Spring 2007

Lecture #28 - Hash Tables and Hash Functions

Hash Tables

• A hash table is a generalization of an ordinary array.
• When the number of keys actually stored is small relative to the total number of possible keys, hash tables become an effective alternative to directly addressing an array, since a hash table typically uses an array of size proportional to the number of keys actually stored.
• Instead of using the key as an array index directly, the array index is computed from the key.
• With hashing, an element with key k is stored in slot h(k); i.e., a hash function h is used to compute the slot from the key k.
• h maps the set U of keys into the slots of a hash table T[0..m-1]:
• h:U -> {0, 1, ..., m - 1}

The Problem: Collisions

• Two keys may hash to the same slot.  This is called a collision.  Because |U|>m, collisions are unavoidable.
• To avoid collisions, h should appear ``random'', i.e., adjacent keys should not hash to adjacent slots.
• To cope with collisions, the simplest method is chaining.

Chaining

• In chaining, we put all the elements that hash to the same slot in a linked list, i.e., slot j contains a reference to the head of the list of all stored elements that hash to j; if there are no such elements, slot j contains an empty list.
• To insert an element, we simply put it at the front of the list.  So, the worst case running time is O(1).
• To lookup an element, we search the list belonging to the slot for the corresponding key.  So, the worst case running time is proportional to the length of the list.
• Removal is identical to lookup.

Performance

• Given a hash table with m slots that stores n elements, we define the load factor alpha as n/m, i.e., the average number of elements in a chain.
• The worst case behavior of hashing with chaining is O(n): All n keys hash to the same slot, creating a list of length n.
• The expected case behavior depends on how well the hash function distributes the set of keys to be stored among the m slots, on average.  We will assume that
1. any given element is equally likely to hash into any of the m slots and
2. the hash value can be computed in O(1) time.  Then the expected case search time is O(1+alpha).
• If the number of hash table slots is at least proportional to the number of elements in the table, we have n=O(m) and consequently, alpha = n/m = O(m)/m = O(1).  Thus, searching takes constant time on average.

Hash Table Implementations

•  The Java Collection Framework provided by Java SDK, includes two "industrial strength" implementations of the hash table data structure: HashTable and HashMap.
• Below is our own implementation of the hash table structure.  One of the main differences between the Sun's version of HashTable and ours is the our elements() method returns an IList, while the Sun's HashTable returns an Enumeration.  Sun's HashMap has a method called values() that returns a Collection of values.  By returning an IList, we can process our hash table using visitors, while with an Enumeration or a Collection, one will have to write loops to do the processing.  The choice is yours!

package genDict;

import genListFW.*;
/**
* An IDictionary implemented using a hash table. Collisions are handled
* using chaining. The chains are implemented using DictLRS.
*
* Uses the method hashCode() defined by class Object as the hash
* function.
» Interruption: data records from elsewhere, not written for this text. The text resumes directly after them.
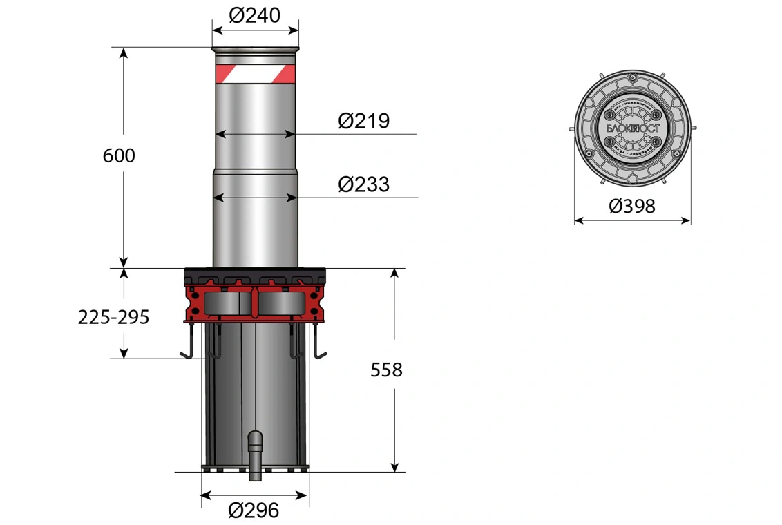 Конструкция болларда выполнена из нержавеющей стали с толщиной стенки не менее 6 мм, что обеспечивает устойчивость к механическим нагрузкам и долговечность эксплуатации. Крышка основания и крышка движущегося цилиндра изготовлены из окрашенного антикоррозийного чугуна. Встроенная система подогрева гарантирует работу при отрицательных температурах, а красная светодиодная подсветка повышает видимость устройства в ночное время. Работает от стандартной сети 220 В и выдерживает до 3 000 000 циклов, что позволяет использовать боллард в условиях интенсивного потока транспорта.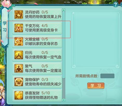 前往临仙镇辅助技能导师(113.103)处学习千变万化技能。使用变身卡可以获得部分能力加成提升战斗力。
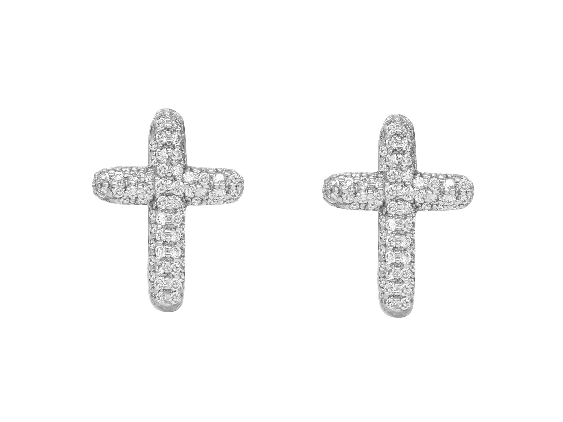 14k White Gold Diamond Bubble Pave Cross Earrings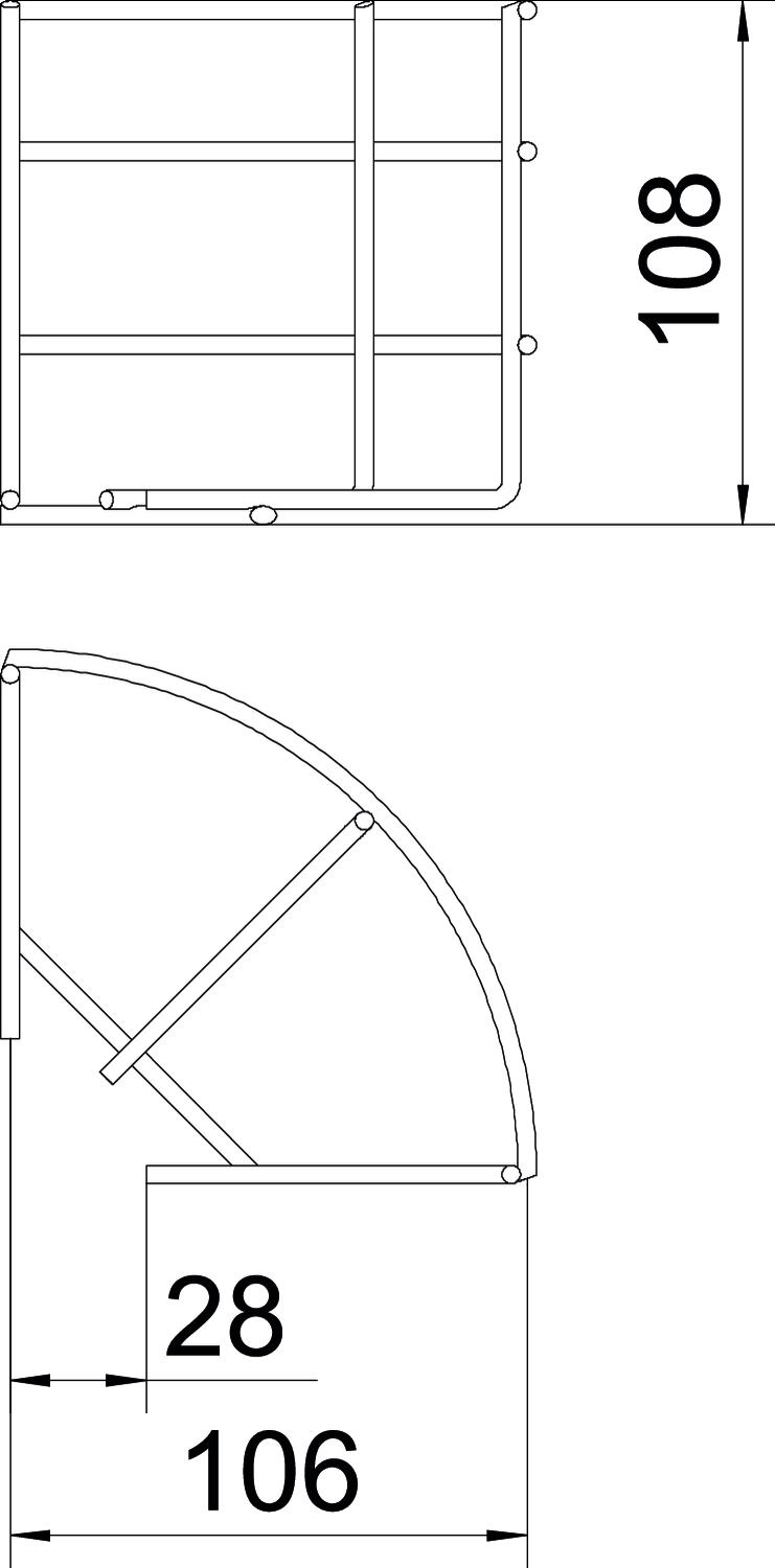 Product description90° bend, horizontal, for all mesh cable trays of 105 mm side height.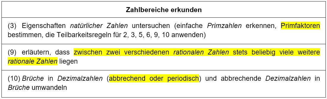 Bereits in den Klassen 5 und 6 müssen Zahlbereichserweiterungen für die Schüler nachvollziehbar durchgeführt werden. Dabei sollte auch altersgemäß auf das Permanenzprinzip eingegangen werden. Die Schüler sollen also erkennen, dass der neue Zahlbereich leistungsfähiger ist, aber dennoch alle bekannten Regeln und Gesetze weiter gelten.
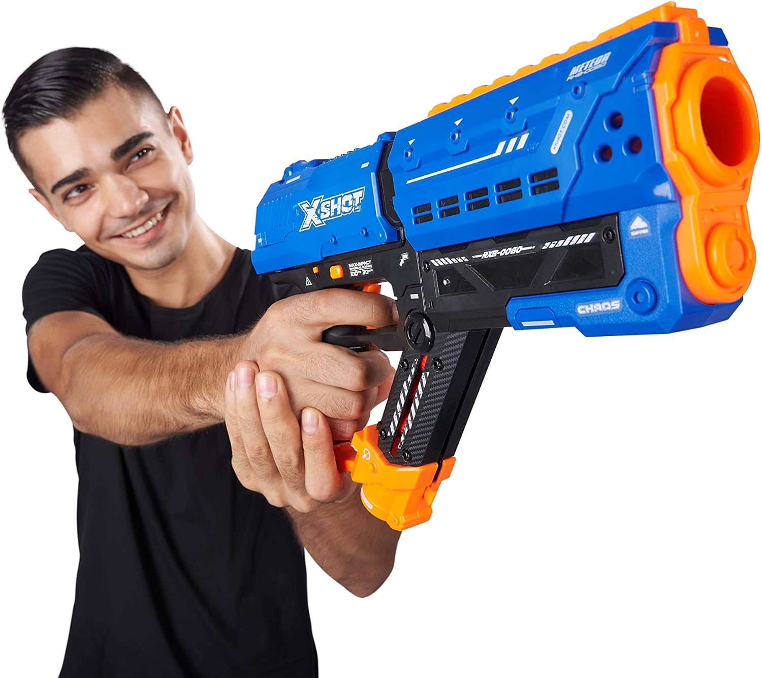 - SUPERIOR FIRE POWER: X-Shot Chaos round blasters deliver maximum performance in the round blaster category.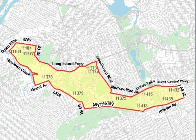 ZIP codes: 11101, 11104, 11373, 11374, 11375, 11378, 11378, 11385, 11415, 11418, 11432, 11435.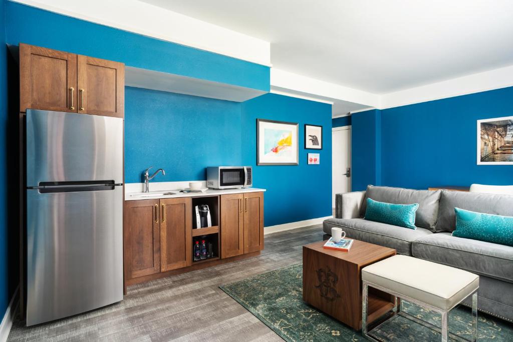 Suites include microwaves and refrigerators with freezers. They are also furnished with Keurig® coffeemakers, laptop size safes, Bluetooth radio alarm clocks and desks.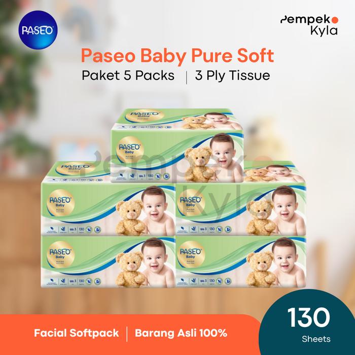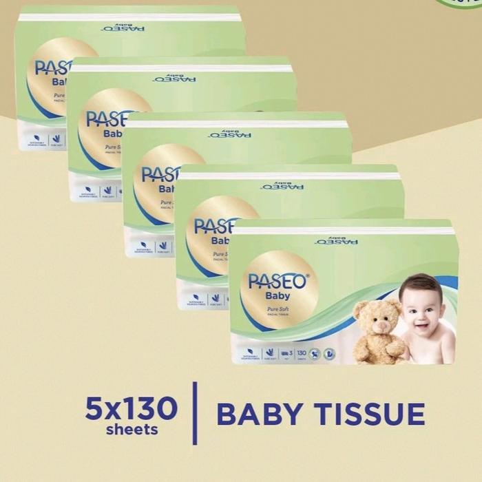 WAJIB PUNYA ! PAKET TISSUE PASEO BABY PURESOFT 130 SHEETS 3 PLY ISI 5 PACKS ORI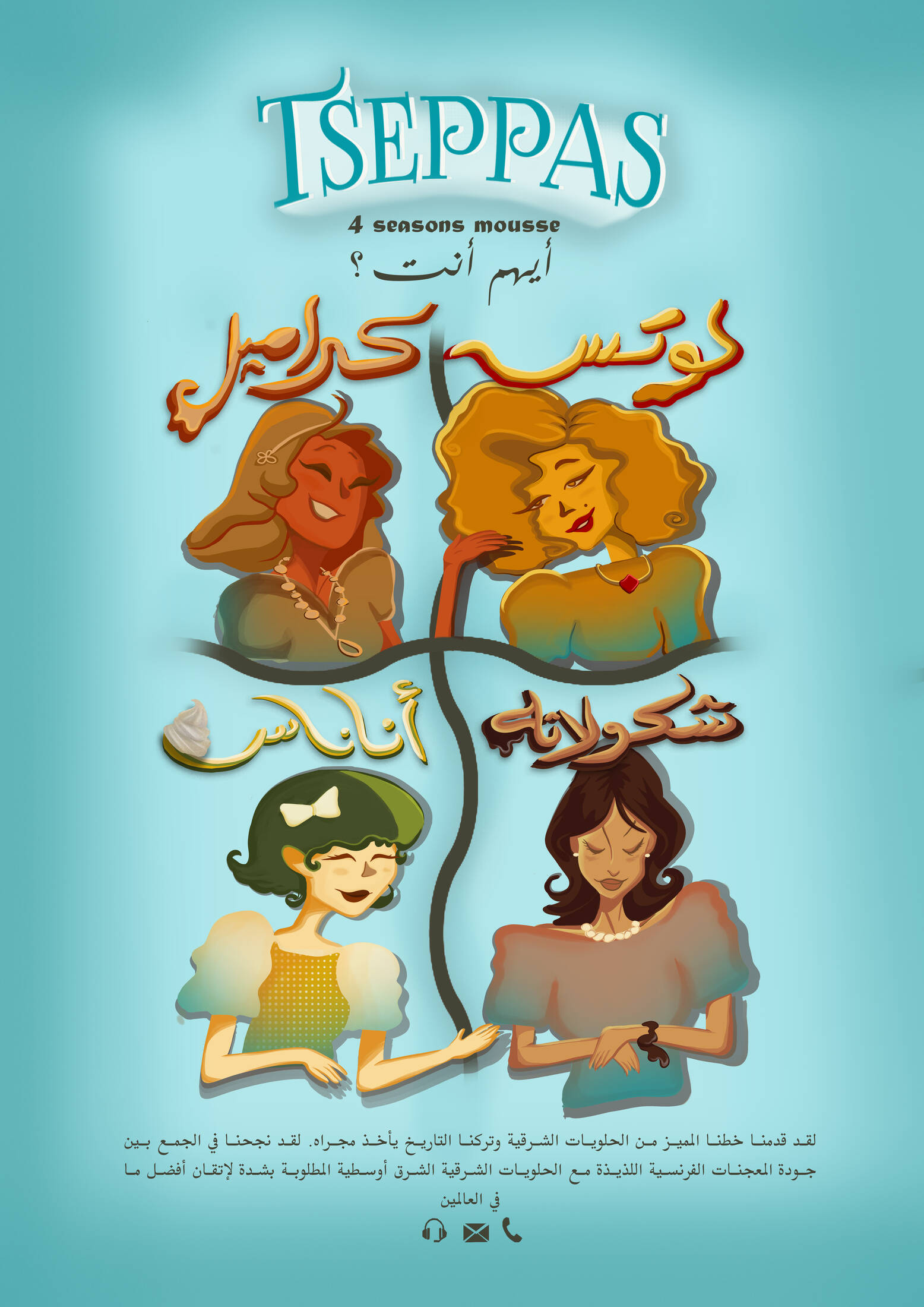 Tseppas is a desserts shop, it combines French pastry with highly demanded Middle Eastern Oriental desserts ,its located in Egypt, illustration design campaign made by rana , using photoshop and illustrator.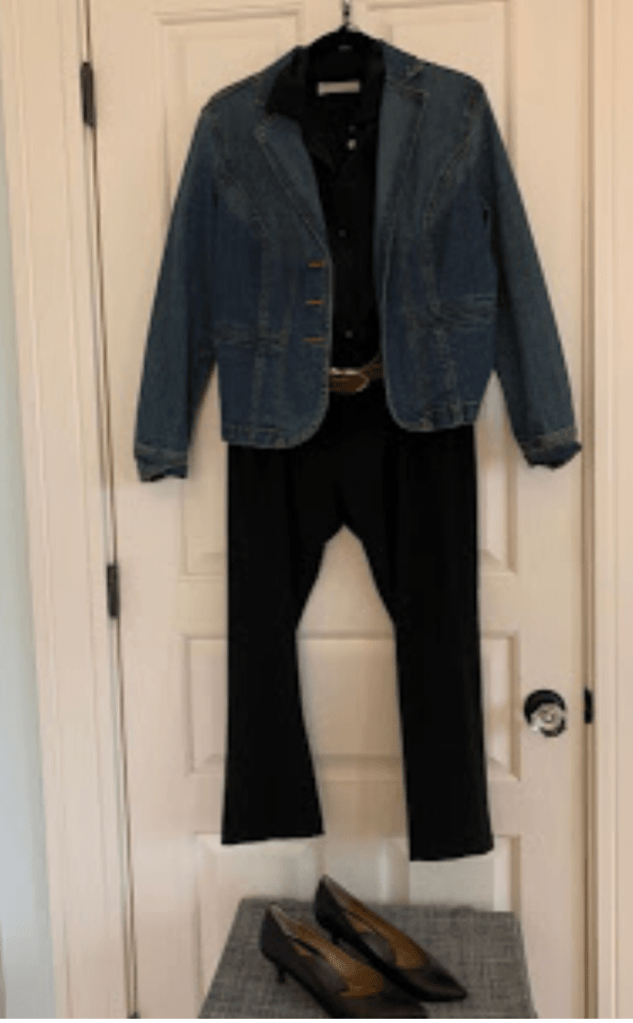 Here are some examples of contrasting the feel of the pieces to get something a bit more interesting. In the first, the shirt is casual and cotton with a military vibe. I styled it with tailored wool pants, a fancy belt, and lady-like kitten heels. In the second, black silk shirt, tailored pants, but topped with a faded vintage denim blazer.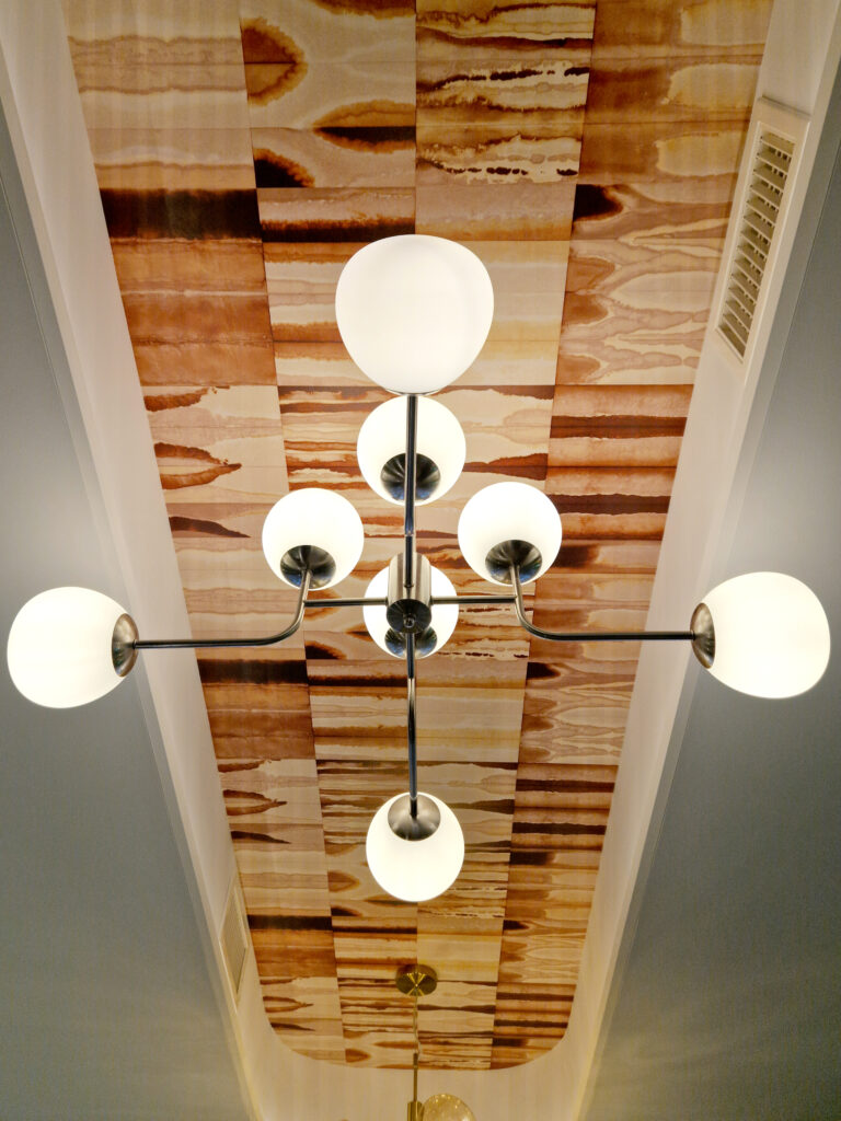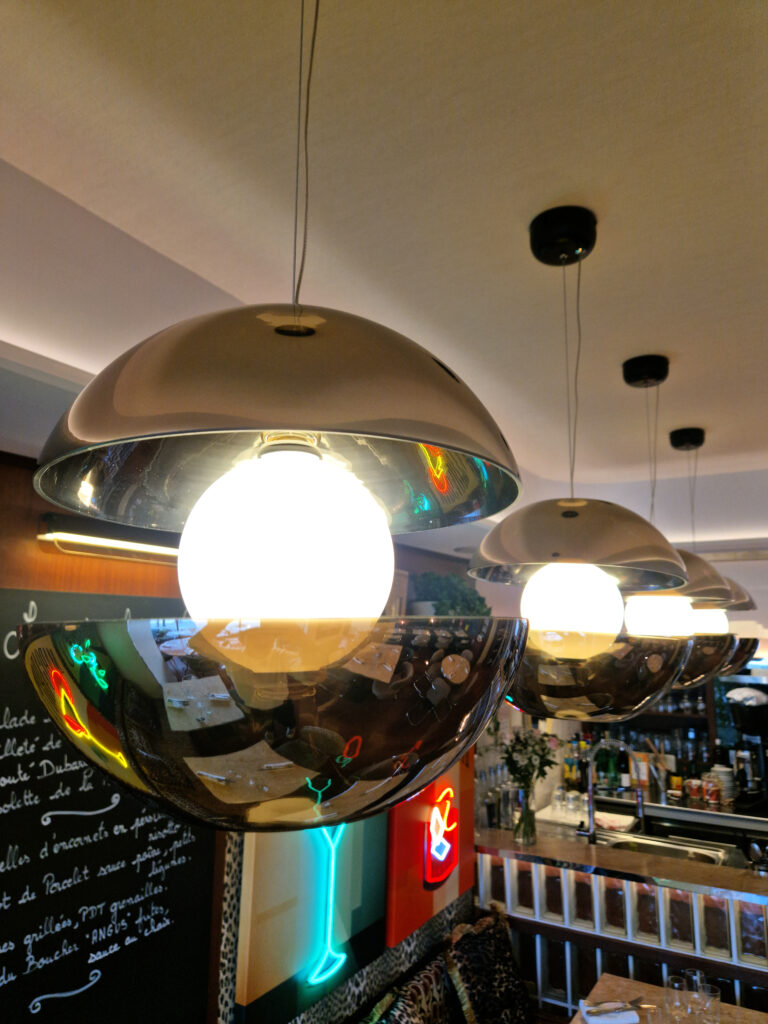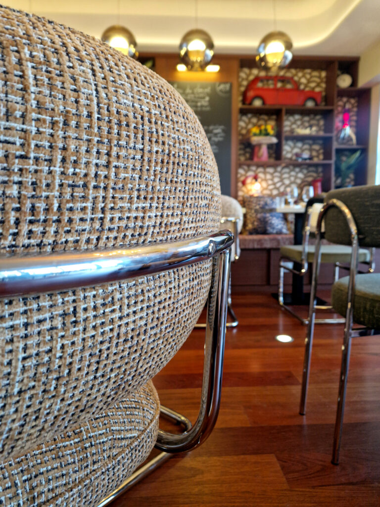 Le déclic stylistique est né de l’esthétique des années 70, inspiré notamment par les décors de la série « Les Petits Meurtres d’Agatha Christie ». Nous avons misé sur : Le bois foncé (faisant écho au parquet d’origine), les formes courbes et la rondeur des lignes, la profondeur des perspectives.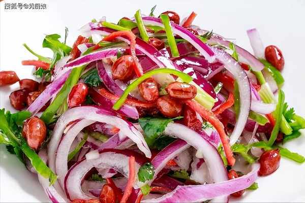 材料:洋蔥、醋、食鹽、白糖、花椒粉、香菜、油炸花生米(可選)。
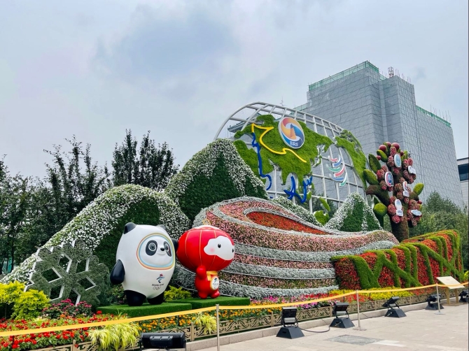 含義:花壇以鳥巢(2008年北京奧運會)、冰絲帶(2022年北京冬奧會)、世界地圖為主景,配以冬奧會吉祥物以及我國舉辦或參與的重大國際活動標(biāo)識,體現(xiàn)在黨的正確領(lǐng)導(dǎo)下,偉大的祖國闊步走向世界。

Any class may override this method with a new
* implementation.
*
* @author Alan L. Cox
* @author Dung X. Nguyen ("generifier")
* @since 03/23/05
*/

public class DictHash<K, V> implements IDictionary<K, V> {
/*
* Initialize _table to reference a single-element array of
* IDictionary, containing in its single element a reference to an
* empty DictLRS.
*/

private IDictionary<K, V>[] _table = new DictLRS[1];
private int _tableOccupancy = 0;

/*
* An IList factory used to linearalize each internal DictLRS and
* resize the _table array.
*/

private IListFactory< DictPair<K, V> > _lf;

/*
* An upper bound on the load factor.
*/

public DictHash(IListFactory< DictPair<K, V> > lf, double loadFactor) {
_table[0] = new DictLRS<K, V>();
_lf = lf;
}

/**
* Clears the contents of the dictionary leaving it empty.
*
* Implemented by replacing the existing LRStruct with a new,
* empty one.
*/

public void clear() {
_table = new DictLRS[1];
_table[0] = new DictLRS<K, V>();
_tableOccupancy = 0;
}

/**
* Returns true if the dictionary is empty and false otherwise.
*/
public boolean isEmpty() {
return _tableOccupancy == 0;
}

/**
* Returns false always.
*/
public boolean isFull() {
return false;
}

/**
* Returns an IList of DictPair<K, V>s corresponding to the entire
* contents of the dictionary.
*
* Note that the elements are not in order.
*/
public IList< DictPair<K, V> > elements(final IListFactory< DictPair<K, V> > lf) {
IList< DictPair<K, V> > l = lf.makeEmptyList();
for (int i = 0; i < _table.length; i++)
l = _table[i].elements(lf).execute(new IListAlgo<DictPair<K, V>, IList< DictPair<K, V> >, IList< DictPair<K, V> > >() {
public IList< DictPair<K, V> > emptyCase(IMTList<? extends DictPair<K, V> > host, IList< DictPair<K, V> >... input) {
return input[0];
}
public IList< DictPair<K, V> > nonEmptyCase(INEList<? extends DictPair<K, V> > host, IList< DictPair<K, V> >... input) {
return lf.makeNEList(host.getFirst(),(IList< DictPair<K, V> >)host.getRest().execute(this, input[0]));
}
}, l);
return l;
}

/**
* Returns the DictPair<K, V> with the given key. If there is not
* a DictPair<K, V> with the given key, returns null.
*
* Returns a DictPair<K, V> rather than the value alone so that
* the user can distinguish between not finding the key and
* finding the pair (key, null).
*
* This method is O(1) in the expected case and O(n) in the worst
* case.
*
* @param key the key to lookup
* @return the DictPair<K, V> found
*/

public DictPair<K, V> lookup(K key) {
int index = key.hashCode() % _table.length;
return _table[index].lookup(key);
}

/**
* Inserts the given key and value. If the given key is already
* in the dictionary, the given value replaces the key's old
* value.
*
* This method is O(1) in both the expected case and the worst
* case if we amortize the cost of doubling the hash table over
* subsequent insert()'s.
*
* @param key the key to insert
* @param value the value to insert
*/

public void insert(K key, V value) {
if (_tableOccupancy >= (_loadFactor * _table.length)) {
int i;
final IDictionary newTable[] = new IDictionary[2*_table.length];
for (i = 0; i < newTable.length; i++)
newTable[i] = new DictLRS<K, V>();
for (i = 0; i < _table.length; i++) {
_table[i].elements(_lf).execute(new IListAlgo<DictPair<K, V>, Object, Object>() {
public Object emptyCase(IMTList<? extends DictPair<K, V> > host, Object... nu) {
return null;
}
public Object nonEmptyCase(INEList<? extends DictPair<K, V> > host, Object... nu) {
DictPair<K, V> pair = (DictPair<K, V>) host.getFirst();
int index = pair.getKey().hashCode() % newTable.length;
newTable[index].insert(pair.getKey(), pair.getValue());
return host.getRest().execute(this);
}
});
}
_table = newTable;
}
int index = key.hashCode() % _table.length;
_tableOccupancy++;
_table[index].insert(key, value);
}

/**
* Removes the DictPair<K, V> with the given key and returns it.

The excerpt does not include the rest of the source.